Cette mutation essentielle peut et doit être prise en charge par le tryptique de ces métiers "données", dont seule la synergie et le développement conjoint permettront aux citoyens, aux collectivités, aux acteurs économiques et aux états, d'accompagner intelligemment et sereinement la transition numérique dans laquelle ils se trouvent irrévocablement engagés.

Illustration.

Diapositive65

Autour de ces trois piliers – "attention au réseau", "identité/présence numérique" et "éthique des NTAD" – et en convergence avec les horizons de l'architecture de l'information et l'analyse des Big Data, voilà pourquoi je crois énormément dans ce qui n'est certes aujourd'hui qu'une petite goutte d'eau, qu'un premier pied dans l'engrenage, mais qui me semble essentiel – cette licence pro donc – un VRAI métier dont la réduction à des missions de stagiaires animant (mal) des pages Facebook (moches) tout en modérant (à la truelle) des commentaires (insultants) me hérisse de plus en plus le poil que j'ai par ailleurs d'habitude assez soyeux.

Moralité.

Si tu veux des VRAIS community managers, alors propose nous (vite) des contrats d'apprentissage. Ah oui, parce qu'accessoirement, paraît que c'est la crise et qu'on a besoin de thunes. Grave.

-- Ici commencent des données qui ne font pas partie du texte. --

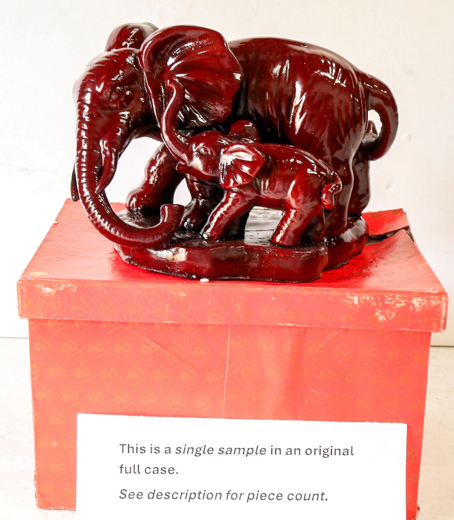Resin elephants with baby measuring 6.75"x 9.5"x 5.75"
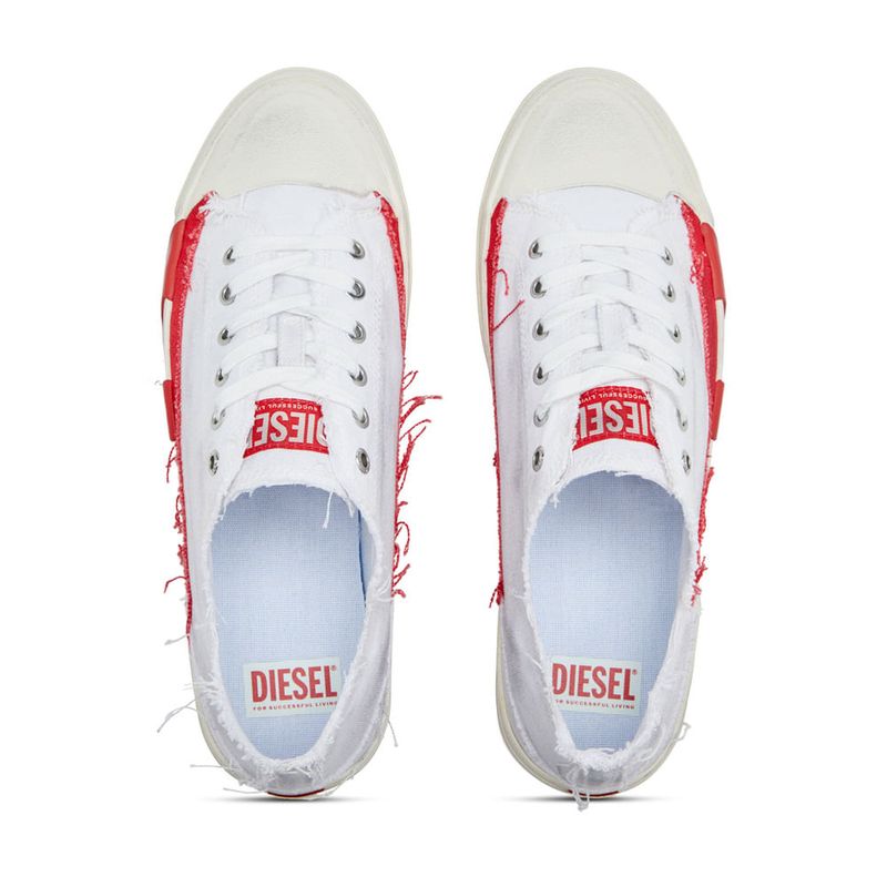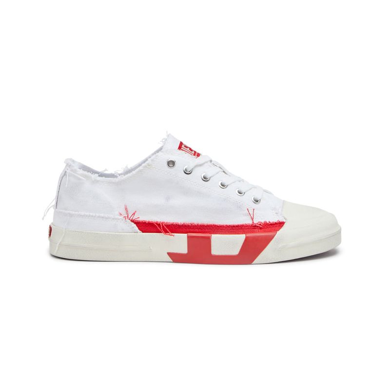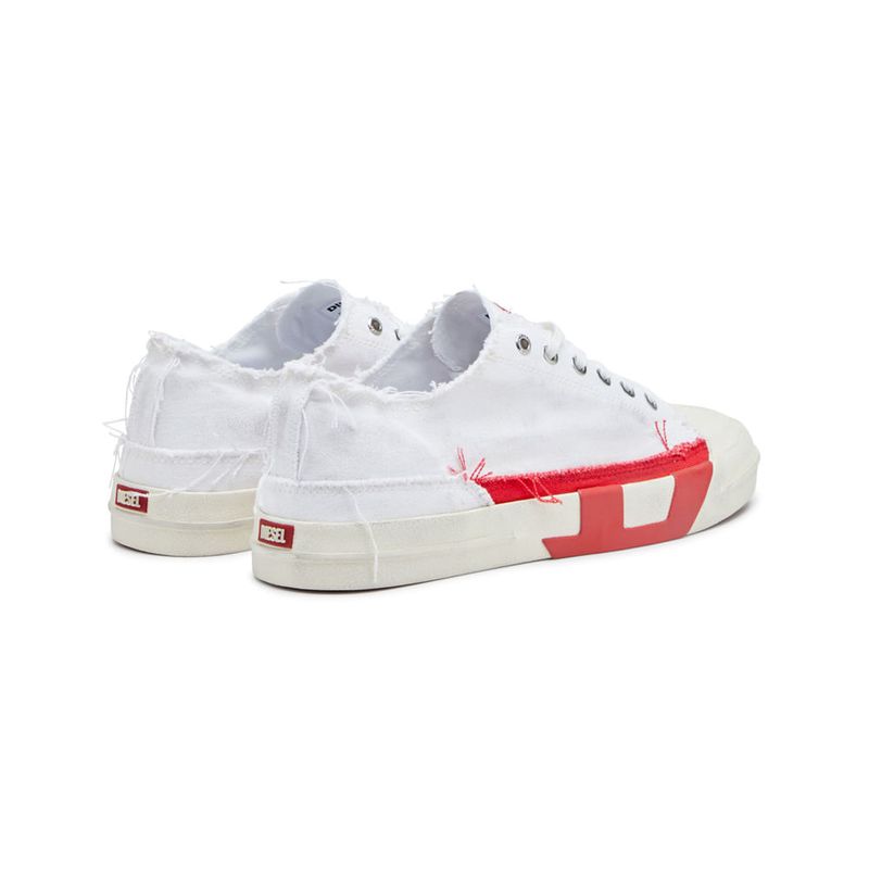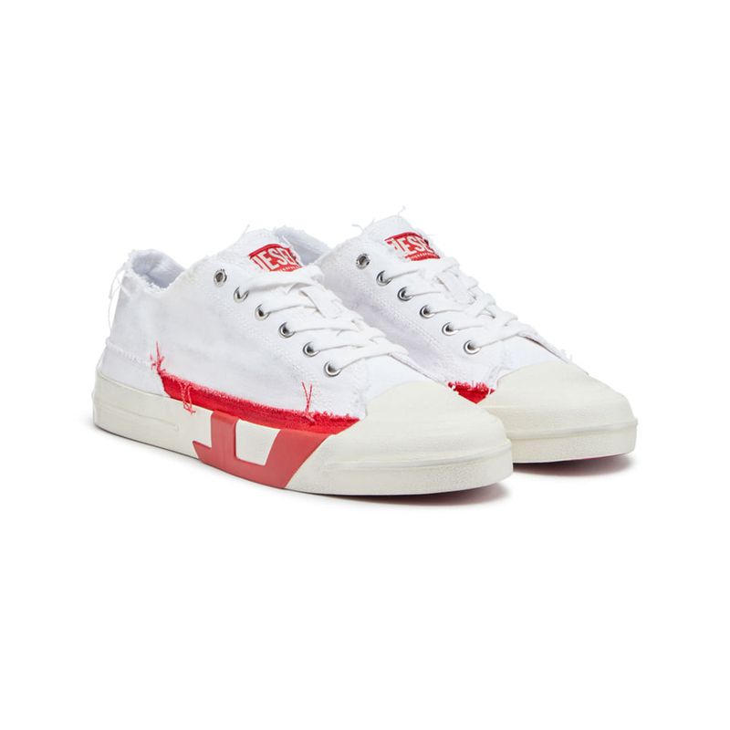 Hechas de lona, estas deportivas de hombre de corte bajo presentan una interpretación audaz del icónico logotipo D rojo de Diesel. El emblema, originalmente pequeño, se presenta en un diseño de tela y goma dual que está dividido entre la parte superior y la suela en proporciones aumentadas. Los zapatos están deshilachados y desgastados a mano con manchas de efecto sucio, dando la apariencia de años de uso.

3 commentaires pour “Community Managers Will Never Die.

  1. En fait il commence à y avoir pas mal de Master de type « Big Data » mais ils ont des appellations différentes. Il n’y a pas de traduction satisfaisante.
    Grandes masses de données
    Analyse de données complexes
    Extraction de connaissances à partir de données (avec le LINA)
    Les écoles d’ingénieur sont sur le créneau
    Parfois ce sont aussi des formations issues du domaine des statistiques

  2. Je vous souhaite beaucoup de réussite pour cette rentrée qui vous attend et pour cette belle entreprise.
    Si, en plus de produire des documents vantant les bienfaits de votre formation, vous éditiez un fascicule qui permettrait de faire entendre à des dirigeants obtus qu’il est inapproprié de confier la défense de l’identité de leur marque aux sus-cités stagiaires (ou pire), ça permettrait de préparer le terrain au sein des entreprises pour accueillir les gens visiblement de qualités que vous vous apprêtez à lâcher sur le marché.
    Parce qu’aujourd’hui (et j’en sais quelque chose) le message est encore très loin d’être passé. Le p’tit neveu qui s’y «connait très très bien pour facebook et twitter» suffit souvent…
    Bonne chance de votre coté, je continue à creuser mon tunnel à la p’tite cuillère de mon coté. Rendez-vous au milieu ! u.u;

  3. Salut Olivier,
    Bravo et bon vent pour ce nouveau diplôme ! Une brique de plus dans la rénovation des formations en sc de l’info. A quand des ischools ?
    100% d’accord sur l’éthique, valable aussi pour les architectes de l’info qui ne sont pas là que pour optimiser la captation de l’attention à des fins mercantiles, mais bien pour construire un nouveau contrat de lecture/écriture.